Mardi 3 mars

A quelques reprises j’ai déjà évoqué sur ce blog les travaux  philosophiques d’Eric Clemens. Dans cette veine, vient de paraître aux éditions du CEP un nouveau livre: Le fictionnel et le fictif, qui reprend et actualise  les thèses déjà développées dans un ouvrage antérieur: La fiction et l’apparaître (Albin Michel, 1993).

Mais c’est sur un autre aspect de l’oeuvre d’Eric Clemens que je voudrais surtout aujourd’hui attirer l’attention, à la faveur d’un recueil composé par Dominique Costermans et Chistian Prigent et heureusement publié par les mêmes éditions du CEP: TeXTes.

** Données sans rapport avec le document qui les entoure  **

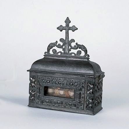 Le corps du coffret rectangulaire se compose de quatre plaques d'étain ajourées soudées au fond constitué d'une autre plaque non ajourée ; sur l'avers le coffret présente un regard rectangulaire autrefois vitré ; au revers est rapporté un médaillon ovale ; le revers de la plaque du fond porte quatre traces de soudure formant un carré (fixation d'un pied ?) ; les sommets des petits côtés sont dotés de charnières qui servent à la fixation du couvercle ; rectangulaire également, il est surmonté d'un motif fondu et ajouré, rapporté ; à l'intérieur du coffret est placé un réceptacle rectangulaire en fer étamé comportant un regard vitré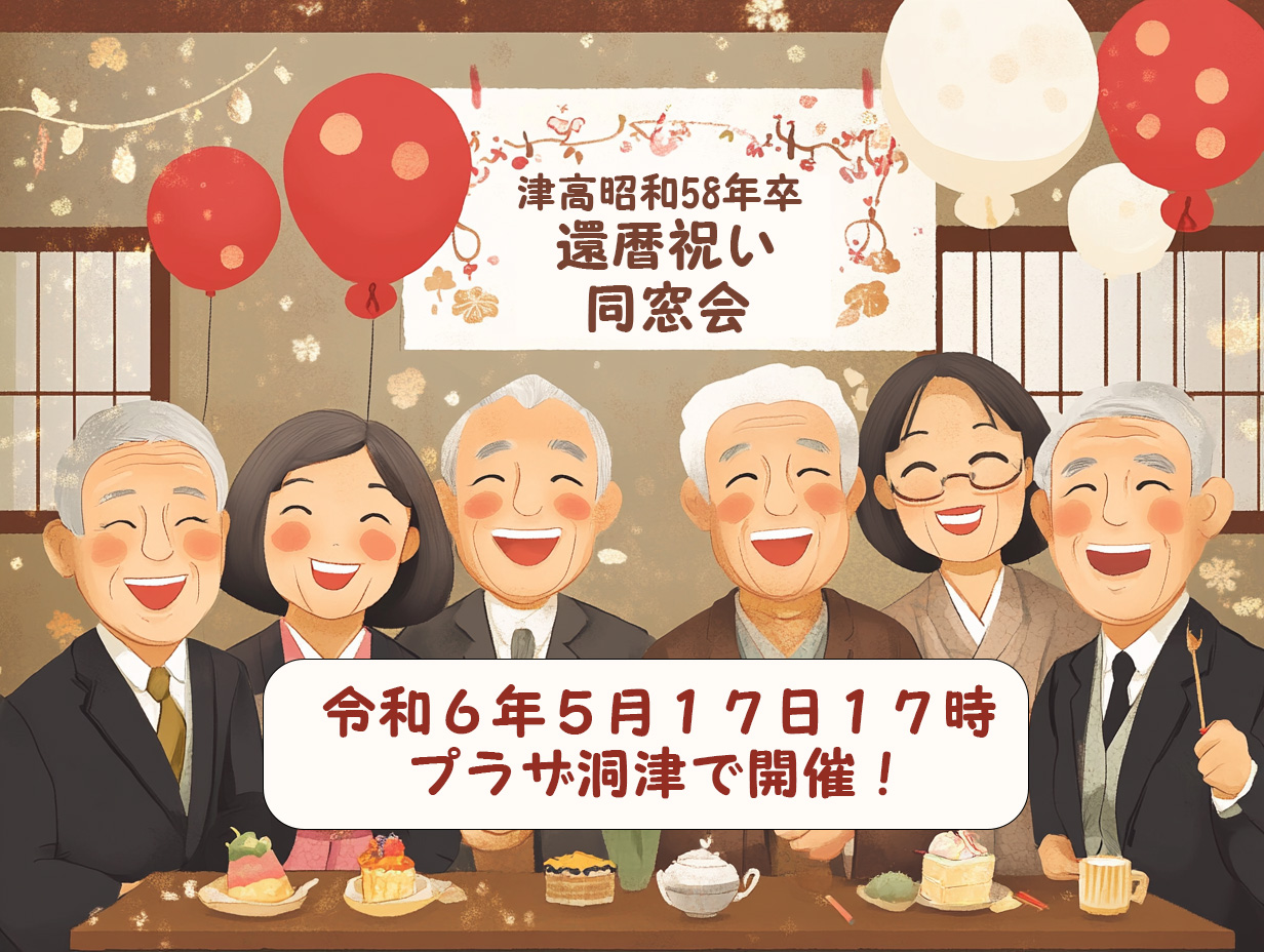 日時:令和7年(2025年)5月17日(土)17時~20時(予定)会費:8,000円場所:プラザ洞津

Il rassemble  ses diverses contributions à la revue TXT, dont il fut une des chevilles ouvrières, au côté notamment de Christian Prigent et Jean-Pierre Verheggen. C’est un joyeux mélange de textes théoriques (sur l’écriture, le signe, le carnavalesque, le rythme, la création,…) et de textes poétiques habités d’un souffle  étonnant, puissant, jubilatoire.

Dans ceux-ci, usant de toutes les ressources de l’équivoque, du calembour ou du néologisme,  à travers onomatopées, allitérations, homophonies, Clemens fait vibrer, selon la très juste  expression de Christian Prigent , la sensualité érogène de la langue:

…sort sorcelle crelle cré maque   querelle     celle   ( p.12, Magie noire)

Lasse la chatte se lamente  / et tels disent le poète et l’amante /vinaigre dans ma vie nègre un vit n’ai guère !  (p.106, Les flabluleuses de la chatte )

Oh hisse vieil hissement le hennissement du vieillissement  (p.131, La mort n’existe pas)

Créée dans l’immédiat après Mai 68, TXT avait cessé de paraître en 1993 après son trente et unième numéros. Elle laissait un vide. Il n’existait guère en effet dans l’ère francophone de revue semblable, où, loin de se célébrer elle-même dans son illusoire essentialité,, la poésie  était d’abord le nom d’un refus de tous les carcans et d’un effort constant et joyeux de langagement comme disait Verheggen. Ses phares avaient nom Rabelais, Nietzsche, Mallarmé, Ponge, Artaud,  Bataille, Joyce, autant de grands « irréguliers ». Elle représentait dans le champ littéraire un espace de liberté fécond, un véritable champ d’action où se croisaient l’exigence formelle et l’humour le plus ravageur, l’explosivité orale et la matérialité de l’écriture.  Aussi est-ce avec joie qu’on en salua le retour  il y a deux ans, avec,  dès le numéro 33, l’apparition de nouvelles plumes prometteuses.

A cette aventure de TXT, le Clemens poète  reste profondément fidèle. Parfois j’ai le sentiment que le Clemens philosophe lui fait de l’ombre. Sauf dans ces occasions où, délaissant l’essai et ses lourdeurs, il se lance dans le poème philosophique. C’est ainsi qu’ il y a une dizaine d’années, mettant ses pas dans ceux des présocratiques ou de Lucrèce, il y allait d’un épatant  Mythe Le Rythme (des choses de la dénature) (éd. Au coin de la rue de l’Enfer) que j’ai relu plus d’une fois avec délectation. De même, j’ai savouré D’après (la poésie d’amour), très joli volume publié  aussi confidentiellement que le précédent à L’âne qui butine, chant des amants pas méchants, chant des amants tout tremblants, conte insouciant des amants sans décompte que le chant, chant bien rythmé chahuté des amants, octave du chant à la rose des vents: l’infini actuel pour amants.